The other day I received a message online from a childhood friend I haven't seen since kindergarten. We loved each other as five-year-olds, played all the time that year and the following year, and then went off to different schools and different lives that never managed to intersect. Until I got this message and was flooded by memories of this friend, who I can still see as plain as day, and her house, and her sister, and her father, and her housekeeper, standing in the kitchen, and the game we played in her bedroom, and her closet, and the fact that I knew that her mother had died, and that she was the first person I ever knew who had lost a parent and how much time I spent trying to imagine this, and failing, and then looking for clues as to how the family was functioning whenever I went to their house.
But mostly, I just felt overwhelming fondness for this old, good friend, who was lovely and warm and good at five and in her adult message seemed just the same, somehow, and although I haven't responded yet, I will, and I will tell her how happy it made me to receive her message, a trip back in time, on a cold, dark January morning.
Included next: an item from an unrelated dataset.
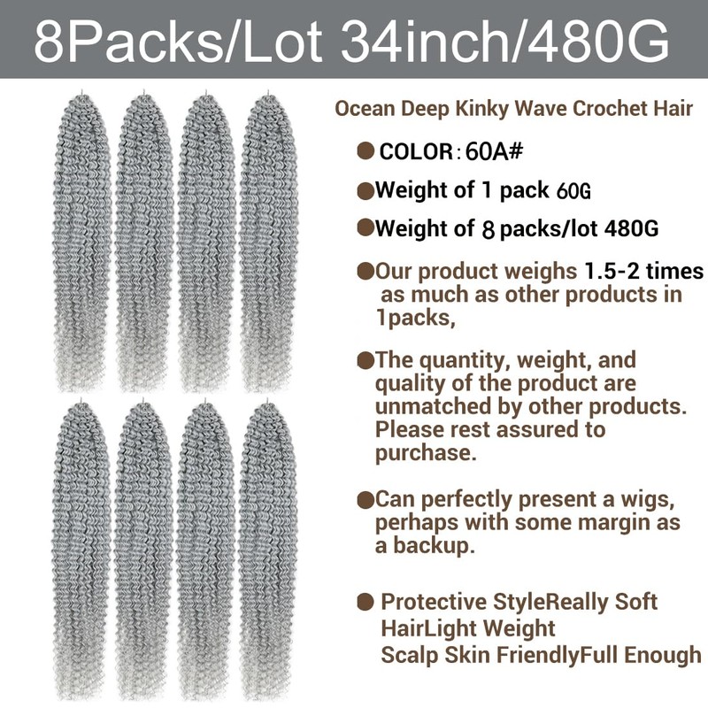 - Advantages:Ocean Kinky Deep Wave Crochet Hair Is No Smell,No Tangle,No Shedding,No Itch.Nature Texture,Easy To Install,Easy To Shape And Easy To Wash And Care,It Is Light And Comfortable.Natural Looking Feels As Human Hair.Professional, Fashionable.

And I was thinking about her again, today, when Lily ran into her first friend at an indoor market here near our apartment, earlier today, after we'd been to the movies. I was walking ahead and suddenly heard her squeal with laughter. I turned and saw her embracing a boy I recognized instantly, although I had never spent much time with him myself. Lily's first babysitter had been close friends with his babysitter, and the two children had spent hours together while their parents were working, during the first three years of their lives, before they were in regular school. And although I think a full two years may have passed since they have seen each other, and experts say long term memory doesn't kick in much before the age of four for most people, these two children were connected as powerfully as ever, instantaneously and effortlessly and joyfully, right in front of all four of their marvelling parents' eyes.
There is just something about those connections we form when we are very small. They are irrevocable, they are formative, they are intense, and they are important. So tonight I am feeling grateful for my old friends, and grateful for those who will someday be Lily's.